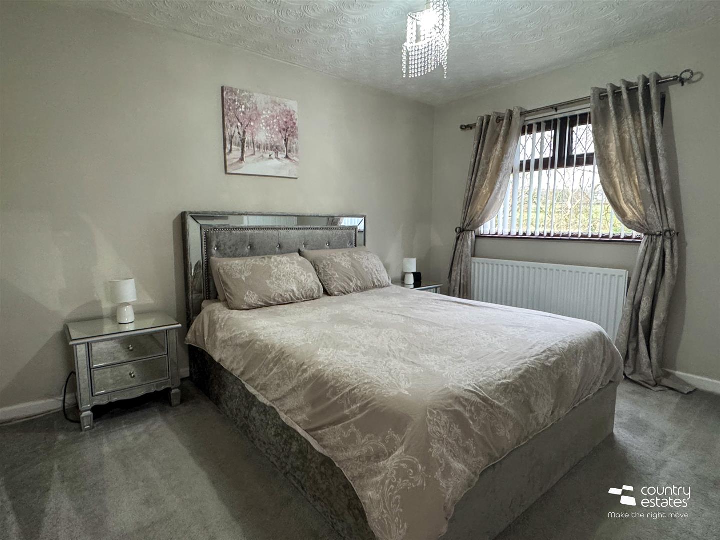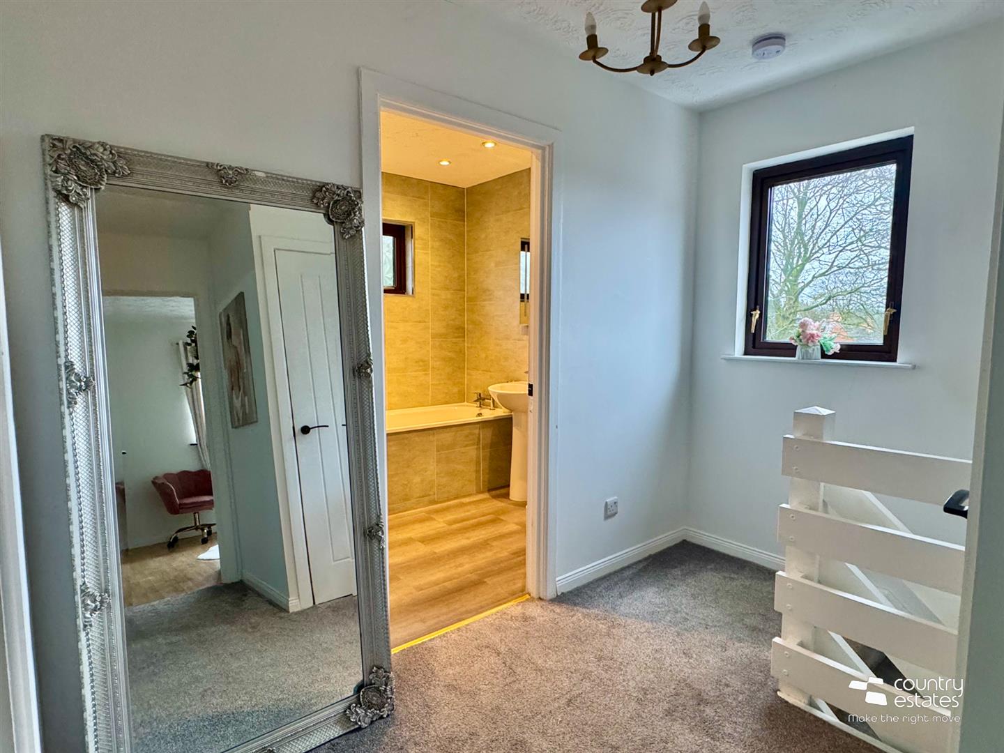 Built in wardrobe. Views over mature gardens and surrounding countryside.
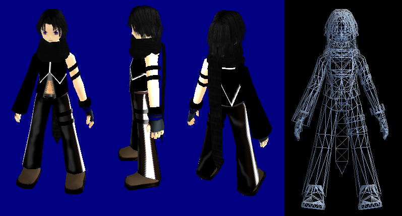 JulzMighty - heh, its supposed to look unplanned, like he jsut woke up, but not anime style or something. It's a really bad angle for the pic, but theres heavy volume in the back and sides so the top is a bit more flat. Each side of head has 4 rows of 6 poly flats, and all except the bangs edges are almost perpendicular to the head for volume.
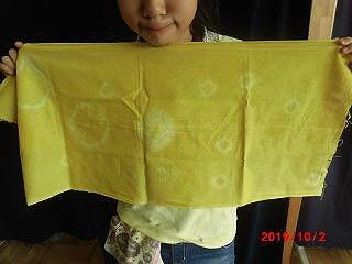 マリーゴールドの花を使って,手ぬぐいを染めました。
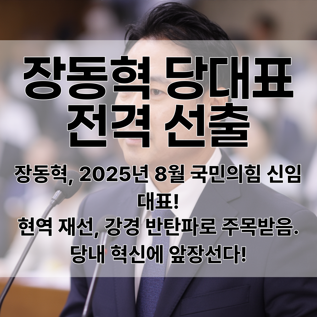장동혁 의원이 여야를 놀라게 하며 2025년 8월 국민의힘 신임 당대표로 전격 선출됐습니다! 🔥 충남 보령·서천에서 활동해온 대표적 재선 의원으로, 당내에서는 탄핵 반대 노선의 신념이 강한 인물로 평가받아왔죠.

• WHAT TO WORK ON
Restate the material above word for word, omitting the pictures.

• RESPONSE TO THE TASK
 Built in wardrobe. Views over mature gardens and surrounding countryside.
 JulzMighty - heh, its supposed to look unplanned, like he jsut woke up, but not anime style or something. It's a really bad angle for the pic, but theres heavy volume in the back and sides so the top is a bit more flat. Each side of head has 4 rows of 6 poly flats, and all except the bangs edges are almost perpendicular to the head for volume.
 マリーゴールドの花を使って,手ぬぐいを染めました。
장동혁 의원이 여야를 놀라게 하며 2025년 8월 국민의힘 신임 당대표로 전격 선출됐습니다! 🔥 충남 보령·서천에서 활동해온 대표적 재선 의원으로, 당내에서는 탄핵 반대 노선의 신념이 강한 인물로 평가받아왔죠.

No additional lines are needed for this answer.